Why are supply-side causes often more problematic than demand-side?
Supply-side problems are often structural and long-term, meaning the deficit may persist without fundamental reforms.
Demand shocks can be temporary and reversible.
What are possible economic consequences of a current account deficit?
- Need to finance deficit through borrowing → rising foreign debt.
- Depreciation pressure on currency → inflation risk.
- Loss of investor confidence if deficit is large or persistent.
- Potential reduction in economic growth if deficit reflects competitiveness problems.
- Vulnerability to external shocks.
When might a current account deficit not be problematic?
- If deficit finances investment that boosts future productive capacity.
- If funded by stable FDI rather than volatile portfolio flows.
- If deficit size relative to GDP is manageable and temporary.
- If offset by surplus in capital and financial accounts.
How can a country improve its current account position?
- Depreciate exchange rate to boost exports and reduce imports.

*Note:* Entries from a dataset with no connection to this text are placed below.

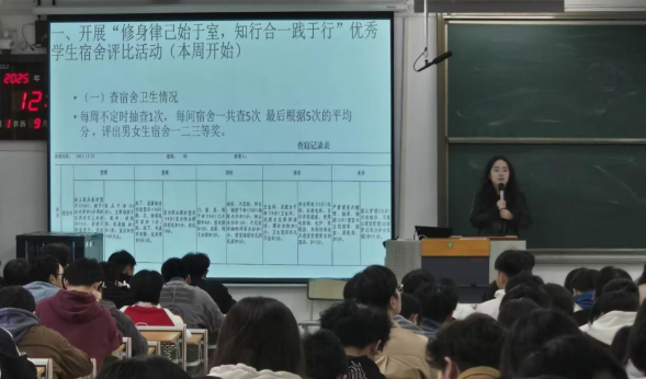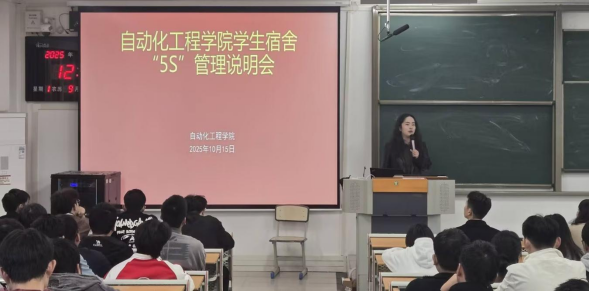 为进一步加强学生宿舍管理,提升文明寝室建设水平,全力营造干净 婷婷五月宗合一区二区,整洁,安全,和谐的宿舍生活环境,2025年10月15日中午,自动化工程亚洲欧美成人精品香蕉网在A1-113教室组织开展了学生宿舍“5S”管理暨卫生检查评比活动动员会,会议由自动化工程亚洲欧美成人精品香蕉网党总支副书记肖启霞主持,党总支书记欧信忠,团总支书记申雄宇,全院学生宿舍寝室长和各班学生干部代表参加。
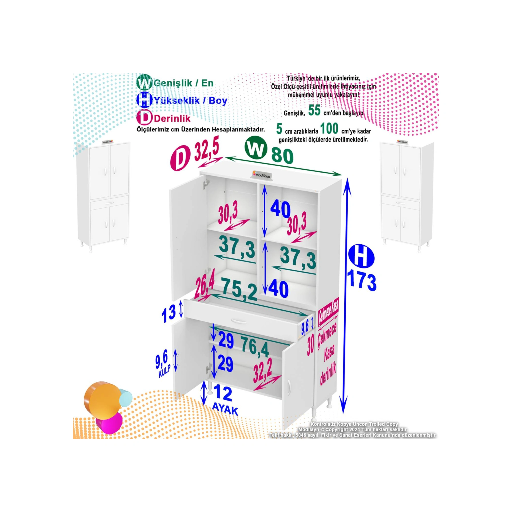 Sare Banyo Ve Mutfak Dolabı Çok Amaçlı Dolap Tek Çekmece 4 Kapak 3 Raf 6 Bölme 80x173x32,5 Cm Beyaz
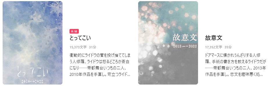 pixiv手直し再録系は、複数まとめて更新報告でいいか、というノリになってきました……

- Improve productivity and competitiveness.
- Diversify exports.
- Implement fiscal or monetary policies to reduce import demand.
- Supply-side reforms (education, infrastructure, innovation).

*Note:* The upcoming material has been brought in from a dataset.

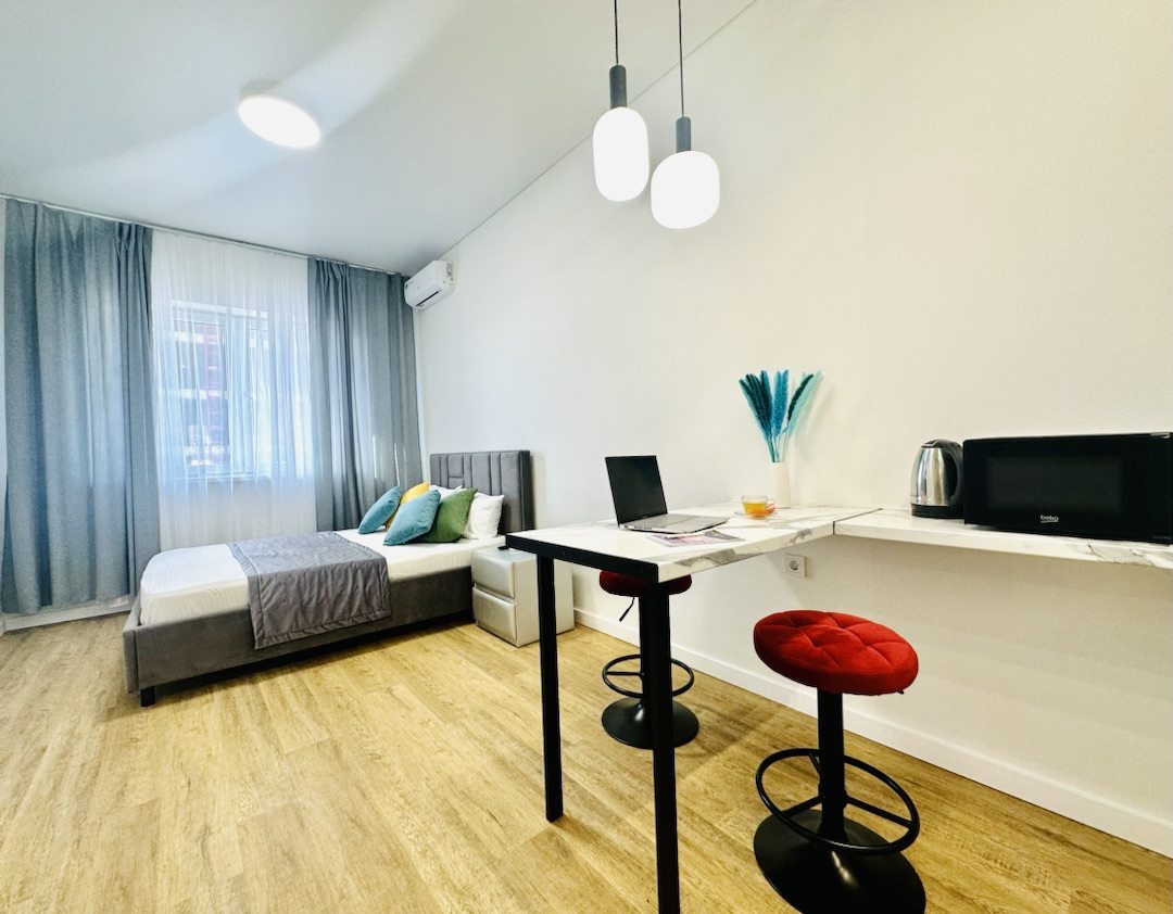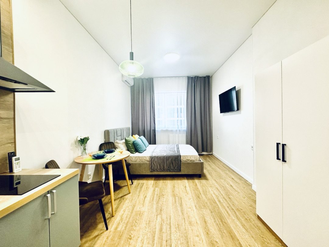 Остановились здесь с молодым человеком. Апартаменты нам понравились. предоставляемая техника и мебель в хорошем состоянии. На кухне есть всё необходимое для приготовления еды. Рядом магазины, кафе, остановки. Рекомендуем!

What is the formula for Aggregate Demand (AD)?
AD = C + I + G + (X – M)
(Consumption + Investment + Government spending + Net exports)
What happens when AD falls (shifts left)?
A decrease in economic growth, lower price levels, increased unemployment, and reduced output (lower real GDP).
How does a fall in AD affect the labour market?
Lower demand for goods → less production → lower demand for labour → higher unemployment.
How can a current account deficit (CAD) affect AD?
A rising CAD (i.e. more imports than exports) reduces net exports (X - M), which reduces AD.
What are the possible consequences of a CAD on the macroeconomy?
Negative economic growth
Higher unemployment
Weaker currency (in the long run)
Reduced national income
Can a current account deficit be a sign of strength?
Yes – if it’s caused by high consumer spending or investment, it may reflect strong domestic growth.
What does the effect of a CAD on AD depend on?
The size and persistence of the deficit
Whether it’s financed sustainably
Whether it’s driven by imports of capital goods or excessive consumption
The openness of the economy
Why might a current account deficit not matter much?
If the deficit is small or temporary, or if it’s due to imports of investment goods that raise future growth potential.